Plusieurs études épidémiologiques réalisées en Europe et en Amérique du Nord signalent que les troubles du sommeil sont courants parmi la population générale. Sa prévalence est plus importante chez la femme et les personnes âgées. 10%-19% environ des patients qui consultent pour une insomnie signalent que celle-ci est chronique. Les troubles du sommeil chez le vieillard sont en rapport dans la plupart des cas à des affections chroniques, c’est-à-dire qu’ils sont indépendants du processus de vieillissement.

L’insomnie primaire chronique est en rapport au début avec des facteurs affectifs ou avec des événements stressants. Ceux-ci mènent à l’apparition d’associations qui préviennent l’arrivée du sommeil. Cette forme d’insomnie ne dépend pas de la présence d’affections médicales ou psychiatriques.

L’insomnie secondaire chronique peut dépendre d’une autre pathologie du sommeil, d’une affection psychiatrique ou médicale, de l’effet d’un médicament d’emploi clinique ou de la dépendance de médicaments.

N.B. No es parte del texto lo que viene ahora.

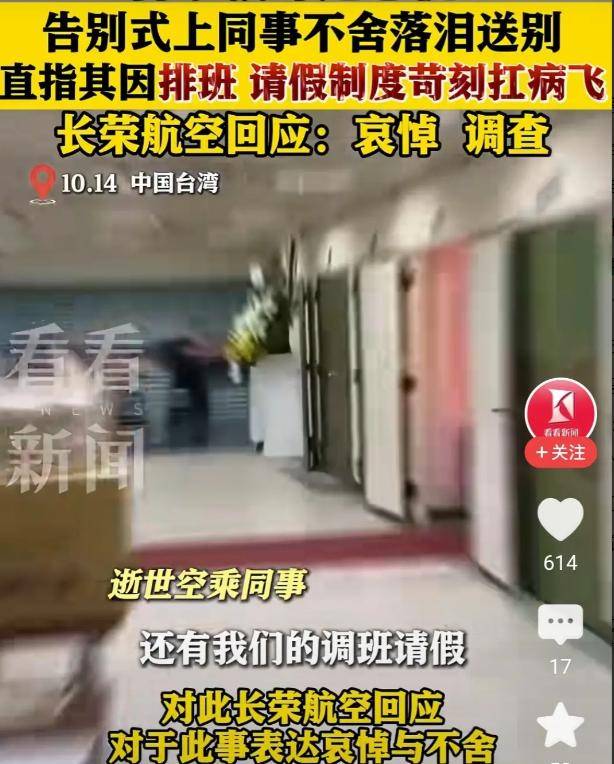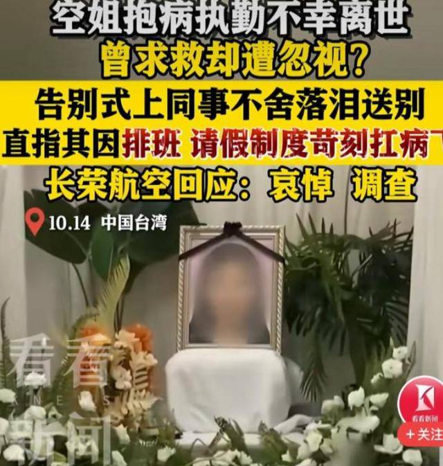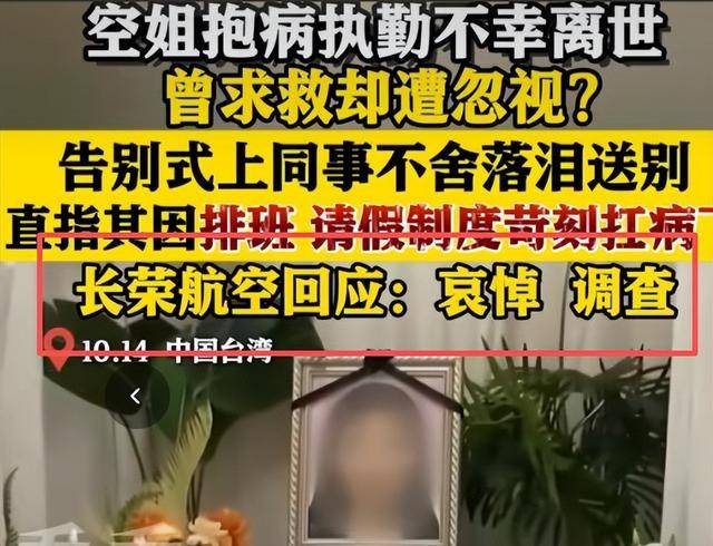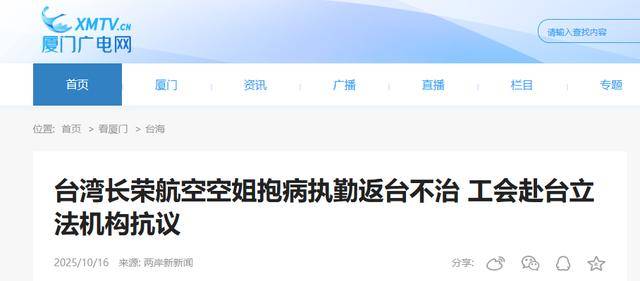 信息来源:厦门广电网2025-10-16:台湾长荣航空空姐抱病执勤返台不治 工会赴台立法机构抗议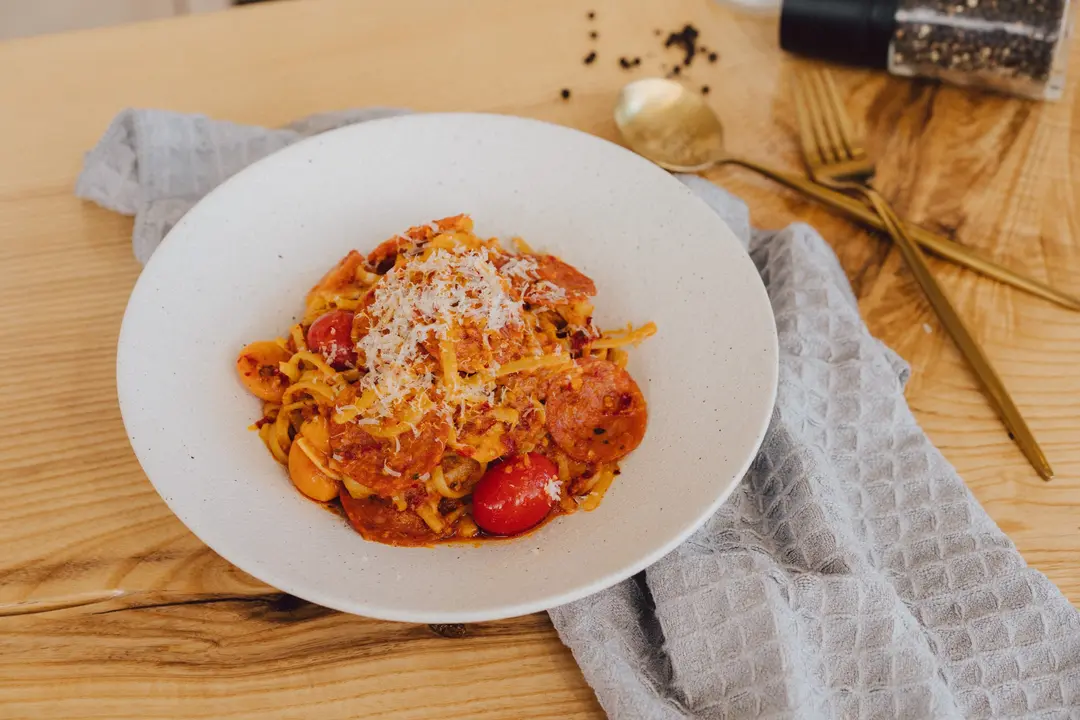 獨子蒜蕃茄蓉意大利辣肉腸醬扁意粉

Parmi les causes les plus fréquentes de l’insomnie secondaire, on trouve les affections psychiatriques (anxiété, dépression), neurolo-giques (maladie d’Alzheimer, Parkinson, épilepsie, accident vasculaire encéphalique, céphalées), médicales (cardiovas-culaire, respiratoire, gastrointestinale, endocrine, rhuma-tismale, néoplasique). On a aussi décrit des troubles du sommeil pendant la grossesse et la ménopause. Plusieurs médicaments à usage clinique (méthylxanthiques, anti-dépressifs, anti-épileptiques, anti-hipertenseurs, corticos-téroïdes) et la nicotine provoquent l’apparition d’une insomnie qui peut devenir sévère.